## TRY IT
The records below need to come back exactly as they are, pictures omitted.

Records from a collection
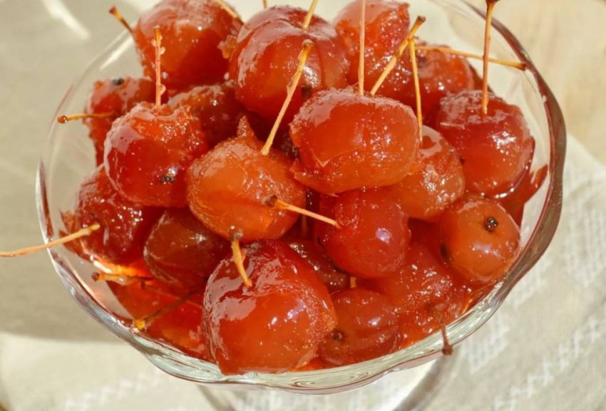 - Фрукти вимити, зрізати верхівку, проколоти. Хвостики рекомендується залишити для прикраси.
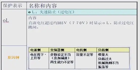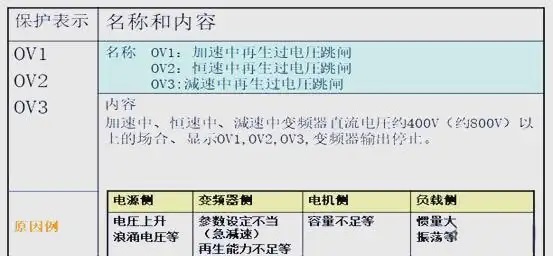 E.OVT報(bào)錯主要分為以下三種情況,用戶可根據(jù)現(xiàn)場情況,從電源側(cè)、變頻器側(cè)(涉及變頻器參數(shù))、電機(jī)側(cè)以及負(fù)載側(cè)進(jìn)行排查并解決報(bào)錯。
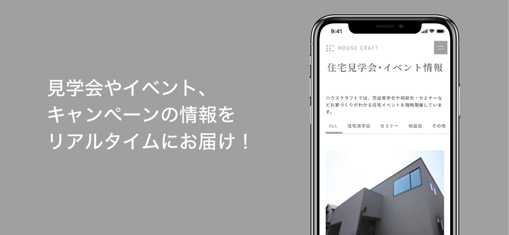 このアプリは、これから家づくりをはじめるお客様・ハウスクラフトで家づくりをしていただいたお客様に、新着情報やお役立ち情報をお届けできるようにと開発しました。
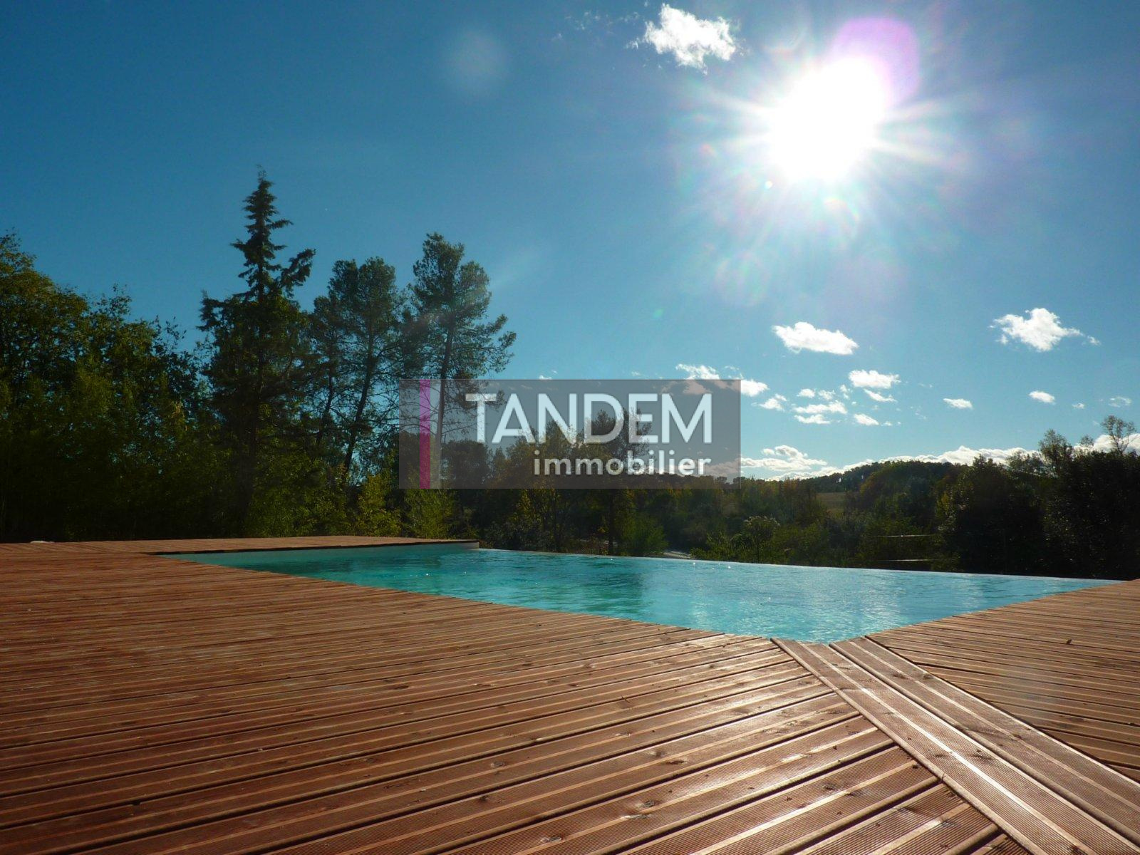 VENDU PAR TANDEM IMMOBILIER ! Secteur très résidentiel à Saint Clément de Rivière, jolie villa de 148m² habitables entièrement rénovée. Prestations très contemporaines, avec un beau séjour ouvert sur terrasse surplombant la piscine et sa plage de 140m². Cuisine entièrement équipée, 4 chambres, 2 salles d'eau et magnifique salle de bain, 1 grand bureau. Vaste garage et cave. Très jolie piscine à débordement, vue dégagée. Parcelle de 1200m² à paysager.
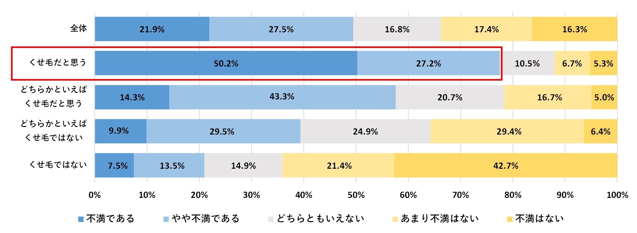 自身の髪質やくせについて不満があるか尋ねたところ、全体では合計で49.4%の方が「不満である」「やや不満である」と回答しました。この結果を前問の回答別に比較したところ、「くせ毛だと思う」と回答した方のうち、77.4%は自身の髪質に不満を感じていることが分かりました。一方、「くせ毛ではない」と答えた方は不満を感じている割合が低く、くせ毛かどうかが、髪への不満に大きく影響していることが分かります。
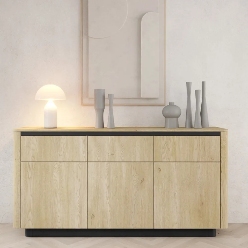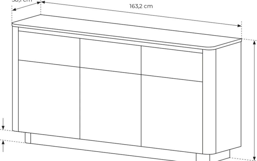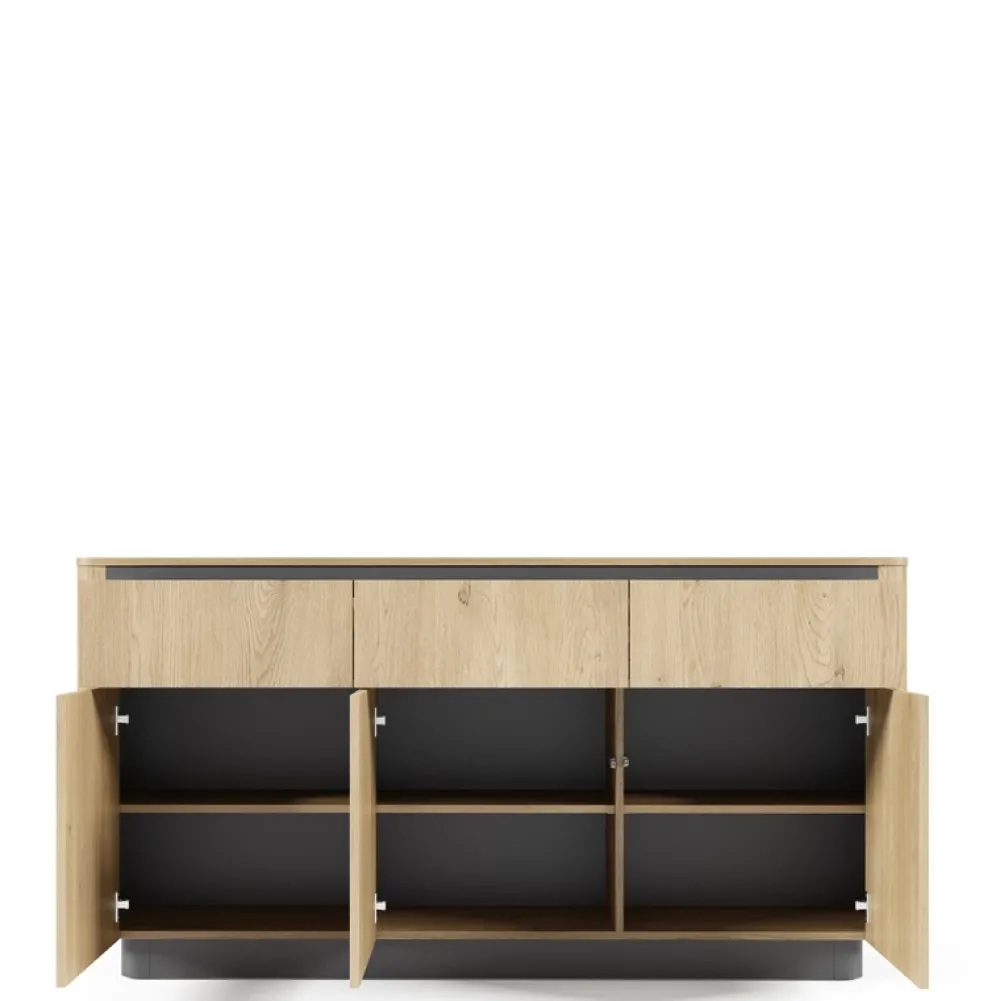 Dzięki szerokości ponad 160 cm komoda oferuje dużą powierzchnię blatu – idealną na dekoracje, lampę czy ramki ze zdjęciami. Wnętrze zostało podzielone na praktyczne strefy: szuflady na podręczne akcesoria, dokumenty czy sztućce, oraz głębokie półki za drzwiczkami, które pomieszczą większe przedmioty.
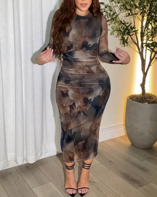 Tie Dye Mesh Long Sleeve Bodycon Midi Dress
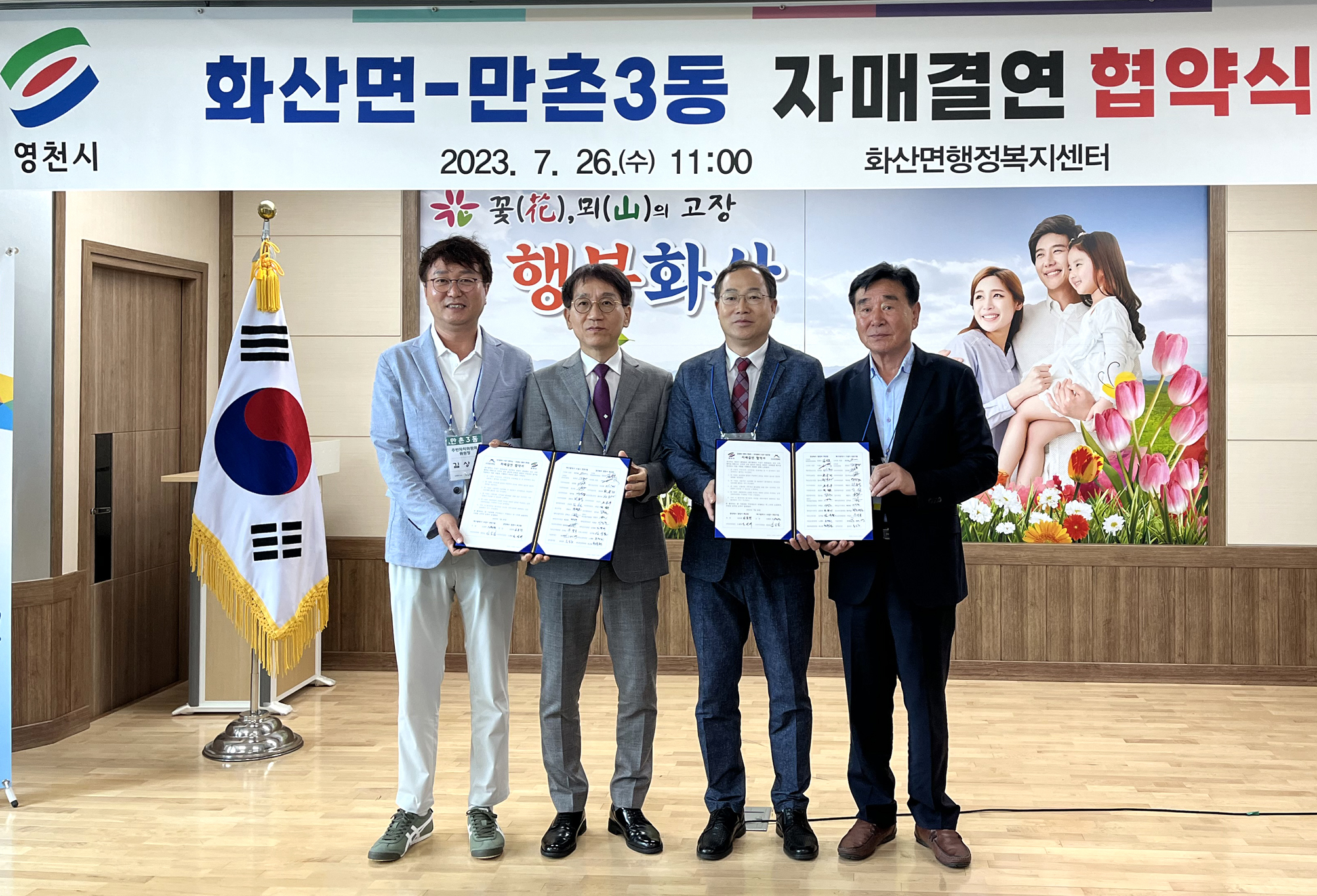 영천시 화산면은 7월 26일 화산면 행정복지센터 회의실에서 대구광역시 수성구 만촌3동(동장 김종완)과 활발한 교류와 상생발전을 위한 자매결연 협약을 체결했다.
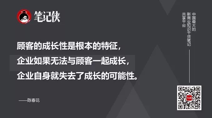 顾客的成长性是根本的特征,企业如果无法与顾客一起成长,企业自身就失去了成长的可能性。
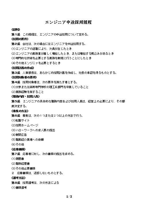 第2条 会社は、次の場合にはエンジニアを中途採用する。
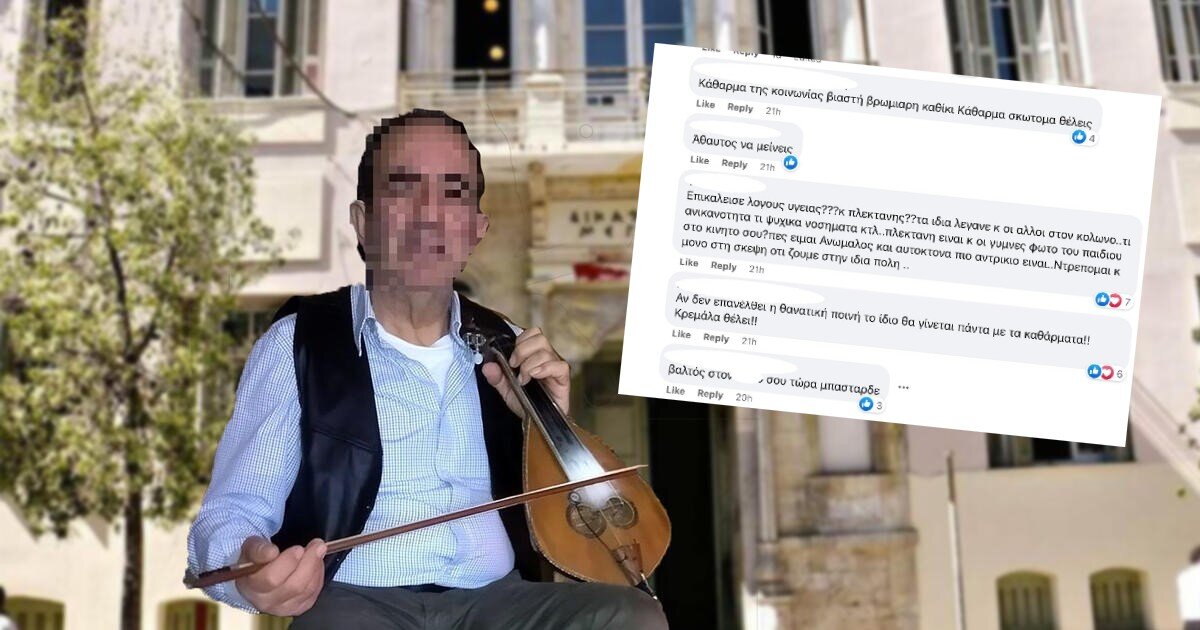 Έντονες είναι οι αντιδράσεις των χρηστών στα social media, οι οποίοι από τις πρώτες κιόλας στιγμές που αναγνώρισαν το πρόσωπο του 66χρονου λυράρη που κατηγορείται, μεταξύ άλλων, κακουργηματικών πράξεων, για βιασμό και μαστροπεία σε βάρος ενός ανήλικου αγοριού .
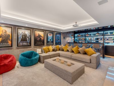 The villa’s interior is meticulously finished, featuring marble floors with Under Floor heating all over the house, a grand living room with a fireplace, and a separate dining room. The fully fitted kitchen is complemented by a utility room and a kitchenette, ideal for culinary enthusiasts. Entertainment is at the heart of this home, with a dedicated cinema room, games room, Dolby Stereo Surround system, and several terraces—both covered and uncovered—providing mountain, sea, garden, and pool views. Additional spaces include an office room and ample storage, ensuring practicality alongside luxury.

## RESPONSE FOR THIS EXERCISE
 - Фрукти вимити, зрізати верхівку, проколоти. Хвостики рекомендується залишити для прикраси.
 E.OVT報(bào)錯主要分為以下三種情況,用戶可根據(jù)現(xiàn)場情況,從電源側(cè)、變頻器側(cè)(涉及變頻器參數(shù))、電機(jī)側(cè)以及負(fù)載側(cè)進(jìn)行排查并解決報(bào)錯。
 このアプリは、これから家づくりをはじめるお客様・ハウスクラフトで家づくりをしていただいたお客様に、新着情報やお役立ち情報をお届けできるようにと開発しました。
 VENDU PAR TANDEM IMMOBILIER ! Secteur très résidentiel à Saint Clément de Rivière, jolie villa de 148m² habitables entièrement rénovée. Prestations très contemporaines, avec un beau séjour ouvert sur terrasse surplombant la piscine et sa plage de 140m². Cuisine entièrement équipée, 4 chambres, 2 salles d'eau et magnifique salle de bain, 1 grand bureau. Vaste garage et cave. Très jolie piscine à débordement, vue dégagée. Parcelle de 1200m² à paysager.
 自身の髪質やくせについて不満があるか尋ねたところ、全体では合計で49.4%の方が「不満である」「やや不満である」と回答しました。この結果を前問の回答別に比較したところ、「くせ毛だと思う」と回答した方のうち、77.4%は自身の髪質に不満を感じていることが分かりました。一方、「くせ毛ではない」と答えた方は不満を感じている割合が低く、くせ毛かどうかが、髪への不満に大きく影響していることが分かります。
 Dzięki szerokości ponad 160 cm komoda oferuje dużą powierzchnię blatu – idealną na dekoracje, lampę czy ramki ze zdjęciami. Wnętrze zostało podzielone na praktyczne strefy: szuflady na podręczne akcesoria, dokumenty czy sztućce, oraz głębokie półki za drzwiczkami, które pomieszczą większe przedmioty.
 Tie Dye Mesh Long Sleeve Bodycon Midi Dress
 영천시 화산면은 7월 26일 화산면 행정복지센터 회의실에서 대구광역시 수성구 만촌3동(동장 김종완)과 활발한 교류와 상생발전을 위한 자매결연 협약을 체결했다.
 顾客的成长性是根本的特征,企业如果无法与顾客一起成长,企业自身就失去了成长的可能性。
 第2条 会社は、次の場合にはエンジニアを中途採用する。
 Έντονες είναι οι αντιδράσεις των χρηστών στα social media, οι οποίοι από τις πρώτες κιόλας στιγμές που αναγνώρισαν το πρόσωπο του 66χρονου λυράρη που κατηγορείται, μεταξύ άλλων, κακουργηματικών πράξεων, για βιασμό και μαστροπεία σε βάρος ενός ανήλικου αγοριού .
 The villa’s interior is meticulously finished, featuring marble floors with Under Floor heating all over the house, a grand living room with a fireplace, and a separate dining room. The fully fitted kitchen is complemented by a utility room and a kitchenette, ideal for culinary enthusiasts. Entertainment is at the heart of this home, with a dedicated cinema room, games room, Dolby Stereo Surround system, and several terraces—both covered and uncovered—providing mountain, sea, garden, and pool views. Additional spaces include an office room and ample storage, ensuring practicality alongside luxury.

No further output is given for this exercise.